I am thinking about the following problem
Consider four disjoint disc of the form $D_k:=\{z\in \Bbb C:|z-a_k|\leq r_k\}$ for $ k=1,2,3,4$ in $\Bbb C$. Write $\text{int}(D_k):=\{z\in \Bbb C:|z-a_k|< r_k\}$ and $\partial D_k:=\{z\in \Bbb C:|z-a_k|= r_k\}$ for $ k=1,2,3,4$.
Does there exist a homeomorphism $f$ from $\displaystyle\Bbb C\backslash\big(\text{int}(D_1)\cup\text{int}(D_2)\cup\text{int}(D_3)\cup\text{int}(D_4)\big)$ to itself such that $f(\partial D_1)=\partial D_3$ and $f(\partial D_2)=\partial D_4$ with $\lim_{|z|\to \infty}\big|f(z)|=\infty$?

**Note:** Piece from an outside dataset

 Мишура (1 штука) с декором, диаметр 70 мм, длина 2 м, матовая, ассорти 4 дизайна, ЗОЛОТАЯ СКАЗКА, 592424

An alternative formulation of this question is that
Does there exist a homeomorphism $F$ from $\Bbb S^2\backslash\text{interior of four non-intersecting circles}$ to itself so that $F$ sends boundary one circle to the boundary of another circle?
Also what happens if I remove interior $2n$-many circles for any $n\geq 2$? Is it special for only $\Bbb S^2$, or it can be done for any manifold of dimension at least $2$, though in this case, we have to consider removing $n$-dimensional open ball from manifold.
Any help will be appreciated. Thanks in advance.
If you arrange the $4$ disks evenly around the equator of the unit $2$-sphere in $\mathbb{R}^3$, in the order $D_1,D_2,D_3,D_4$, then the map $x\mapsto -x$ will interchange $\partial D_1$ and$\partial D_3$ as well as interchange $\partial D_2$ and $\partial D_4$.
In general, if you have $n$ disks removed from a $2$-sphere, you can arrange all but $2$ of them along the equator, and the other two at the poles, and then reflect about the plane through the equator, swapping just two of them. Composing swaps will give you any permutation.
Note that applying an odd permutation in this way reverses the orientation of each boundary. To fix this, you can line all the disks along the equator and reflect about the plane through the equator.